Results are shown in Fig. 4.

Fig. 4.
figure 4

Example 1 - solution of (27) for the Dirichlet relaxing BC (28) (left) and the convective relaxing BC (29) (right).

Example 2

Equation (27) is solved with the same initial condition and a Dirichlet relaxing boundary condition at the left, right, and both boundaries. First we apply \(T(t)=2-e^{-t}\) (Fig. 5 - top line) and then \(T(t)=e^{-t}\) (Fig. 5 - bottom line).

Example 3

Equation (27) is solved with the same initial condition and Dirichlet relaxing boundary conditions \(u(1,t)=2-e^{-t}, u(3,t)=e^{-t}\). Then, the problem is solved with \(u(1,t)=e^{-t}, u(3,t)=2-e^{-t}\). Results are shown in Fig. 6.

Fig. 5.
figure 5

Example 2 - solution of (27) with Dirichlet relaxing BC at the left, right, and both boundaries for \(T(t)=2-e^{-t}\) (top) and \(T(t)=e^{-t}\) (bottom).

Fig. 6.
figure 6

Example 3 - solution of (27) with \(u(1,t)=2-e^{-t}, u(3,t)=e^{-t}\) (left) and vice versa (right).

6 Conclusion

This paper considered unsteady nonlinear heat transfer in a thin silicon rod in thermal contact with liquid media that is being heated or cooled convectively.

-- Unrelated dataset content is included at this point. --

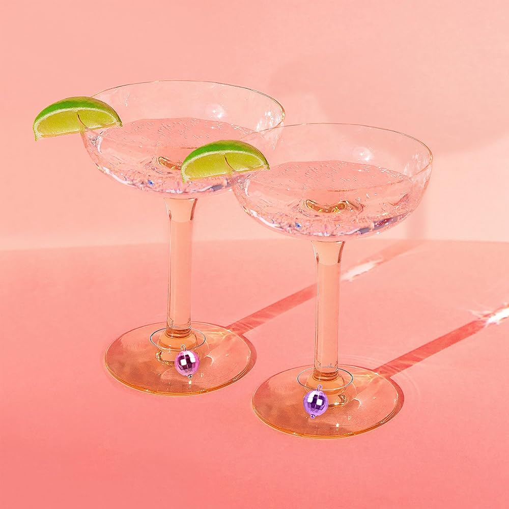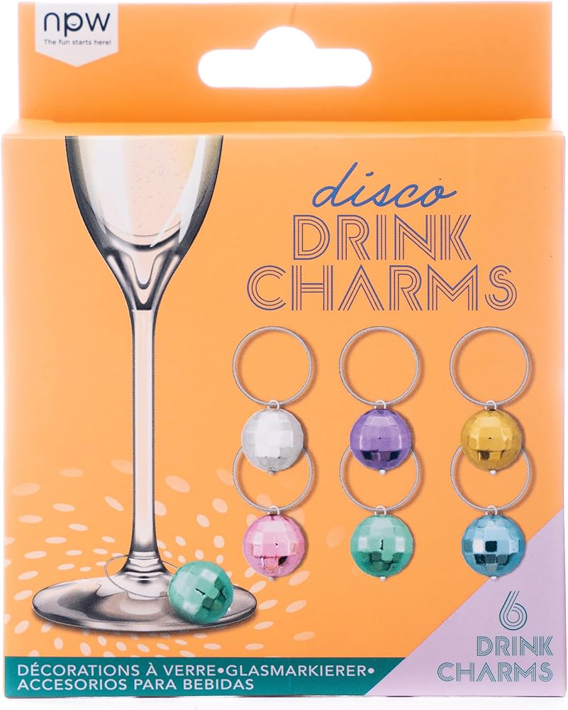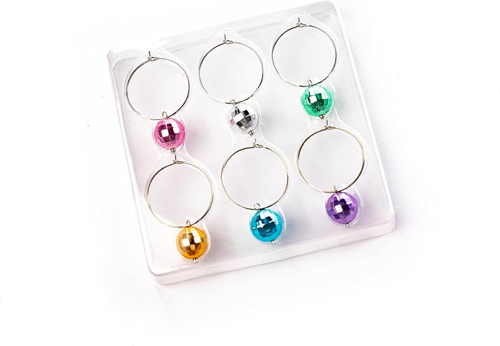 6 قطع من NPW سحر النبيذ على شكل كرة ديسكو للنظارات الجذعية مع حلقات معدنية، علامات كرة ديسكو لحفلات الديسكو في السبعينيات، سحر محدد لزجاج النبيذ وكوكتيل الشمبانيا، أدوات البار العصرية

The mathematical model describing the system consists of nonlinear heat equation with initial condition and a Dirichlet relaxing or convective relaxing boundary condition. The convective condition is nonlinear. To solve the problem a new numerical approach was proposed that first discretizes the heat equation in time. The discretization scheme is implicit, which results in unconditional stability of the method. The resulting TPBVPs were solved by FDM with Newton method. Computer experiments were performed demonstrating the suitability of the approach for solving the nonlinear heat equation with variety of time-dependent and nonlinear conditions at the boundaries.